代做COMP20007 Design of Algorithms Semester 1, 2024代做Python程序

- 首页 >> Python编程

Assignment 1

General

You must read fully and carefully the assignment specification and instructions.

Course: COMP20007 Design of Algorithms  @ Semester 1, 2024

Deadline Submission: Tuesday, 9th April 2024 @ 11:59 pm

Course Weight: 10%

· Assignment type: individual

ILOs covered: 2, 3, 4

· Submission method: via ED

Purpose

The purpose of this assignment is for you to:

· Design efficient algorithms in pseudocode.

· Improve your proficiency in C programming and your dexterity with dynamic memory allocation.

· Demonstrate understanding of a representing problems as graphs and implementing a set of algorithms.

Convex Hull

What is a convex hull?

A convex hull is a concept from geometry and computational geometry that refers to the smallest    convex set that contains a given set of points in a Euclidean space. Imagine you have a set of nails sticking out from a board; the convex hull is the shape you would get by stretching a rubber band around all the nails and letting it snap tight around them. The boundary created by the rubber band defines the convex hull.
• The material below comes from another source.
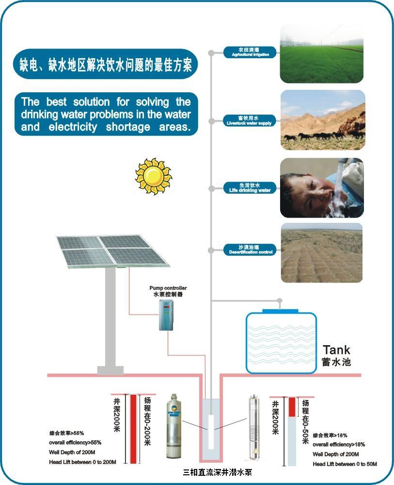直流太陽能水泵主要用于村莊或戶用供水、牲口飲水及農場灌溉、野外宿營供水、邊遠無電地區(qū)供水、降低地下水位、增壓及各種工業(yè)用途;可以在小直徑4英寸的管道井或開口中使用, 也可以在各種湖泊、水塘和河渠等水源中取水。
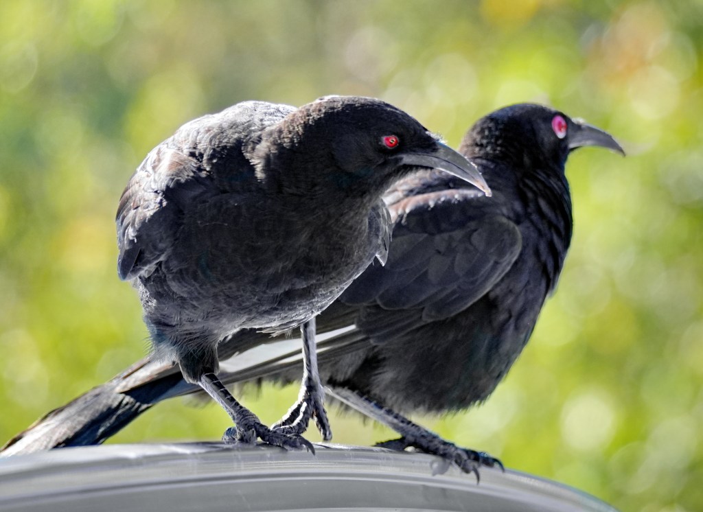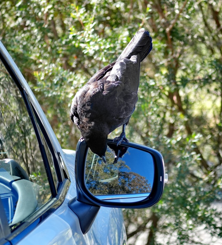 In a similar way and with similar and repeated persistence, even when we tried to drive them off, this pair of White-winged Chough would continue to move from parked car to parked car peering and pecking at their reflected images. If you look at the second bird on the first image above you can see the edge of the white underwing which is predominant contrast to the black when they fly.

More formally, a convex set is a set of points in which, for any two points within the set, the line

segment connecting them lies entirely within the set. The convex hull of a set of points is then the

smallest convex set that contains all those points. It is often visualized in two dimensions (2D) but can be extended to higher dimensions as well.

Computing the convex hull is a foundational problem in computational geometry because it is a

precursor to solving many other problems, such as finding the closest pair of points, and solving

various optimization problems. Several algorithms exist for computing the convex hull, with their

efficiency depending on the specific dimensions and characteristics of the point set. Examples of such algorithms include Graham's scan and Jarvis's march (also known as the gift wrapping algorithm) among others.

Applications

Convex hulls have numerous real-world applications. Some of the typical applications include:

· Image Processing and Computer Vision: Convex hulls are used in image processing for

object detection, recognition, and segmentation. They help in identifying the outer boundary of objects and separating foreground objects from the background.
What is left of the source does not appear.